I continue to try to encapsulate my observations about the craft of writing in epgrammatic form. I dole these out in coffeespoons, mostly on Twitter and Facebook. Below are those from September, 2012.
O N N A R R A T I V E
- If you're a memoirist, yet you cannot be honest with yourself, why should anyone believe you?
- Find your lede. If you pose a question at the top, answer it by the end. If you find yourself pursuing other questions as you write, perhaps your lede is wrong.
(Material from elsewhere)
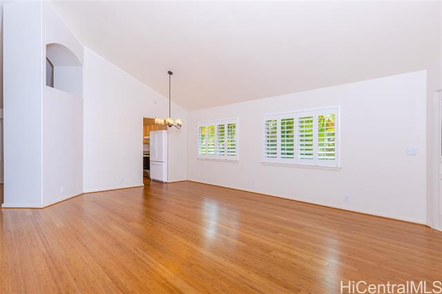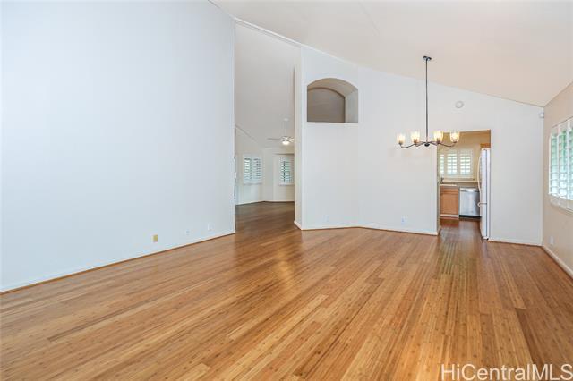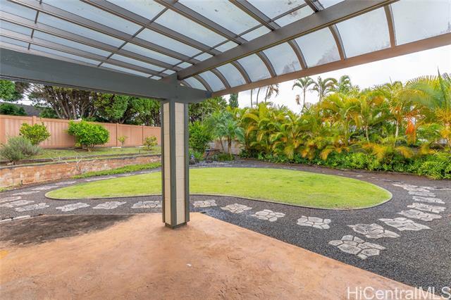 Now available is this 3 bedroom 2 full bath single level rental house with 2 car garage and fenced yard in Mililani Mauka. New bamboo wood style flooring has been installed throughout along with fresh interior paint. The home also features a spacious open kitchen with well-maintained countertops and cabinets. There is plenty of room to relax outside in the large backyard or covered patio lanai. Large living and dining room space with vaulted ceilings. Close to schools, Schofield, and quick highway access. The house is located in the lower part of Mililani Mauka that features larger yards than upper Mauka homes. Surrounding houses have desirable curb appeal and properties in this block rarely come up for rent or sale. Tenant is responsible for Electricity, Water/Sewer bill, Cable/Internet. Minimum of 1 year lease, no pets allowed. No smoking/vaping.

- Your characters shouldn't act as if they know what's going to happen. The writer is the only one who knows the future.
O N S Y N T A X
- Essayists of the short form should read carefully the New Yorker's "Talk of the Town." Each essay is different, all are expertly crafted, all are instructive.
- Formal language has mostly gone out of style; good manners haven't. If you can be gracious using vernacular language, it'll feel more real.
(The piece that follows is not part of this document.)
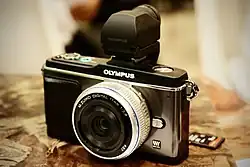 ![]() Olympus PEN E-P2 shown with the Olympus M.Zuiko 17 mm lens and optional electronic viewfinder | |

- Dear web producer: you don't need to publish the ### or -30- at the end of the story. Those bits are for your eyes only.
- Buses carry people. Busses carry people's warm feelings. Don't mix them up.
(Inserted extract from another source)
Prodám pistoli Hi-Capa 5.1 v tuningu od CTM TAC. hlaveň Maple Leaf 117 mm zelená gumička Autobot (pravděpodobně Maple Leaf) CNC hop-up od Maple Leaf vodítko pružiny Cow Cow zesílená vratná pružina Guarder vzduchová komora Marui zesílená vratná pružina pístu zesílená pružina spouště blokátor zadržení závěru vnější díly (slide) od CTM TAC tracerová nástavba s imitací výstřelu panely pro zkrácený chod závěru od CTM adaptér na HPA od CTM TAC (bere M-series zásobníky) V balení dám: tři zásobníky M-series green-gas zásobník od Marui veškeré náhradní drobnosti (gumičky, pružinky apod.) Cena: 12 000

- Irrespective is a word. Regardless is a word. Irregardless is not a word. Relatedly, supposedly is a word. Probably is a word. Supposably is not a word.
O N E D I T I N G
- The end will change the beginning. This is why you cannot write a story in only one pass.
- Write today, but publish tomorrow. Editing requires you to fall out of love with your story—and with the person who wrote it.
O N W R I T I N G
- Controversial positions will earn you notice, plus a reputation as a crank. Relatedly, your nonfiction writing will attract more attention if it's wrong than if it's right. This is not the kind of attention you want.
- If you're a writer, you can't just tweet and post status updates to Facebook. You have to write stuff, too.
- Writing is, you know, hard.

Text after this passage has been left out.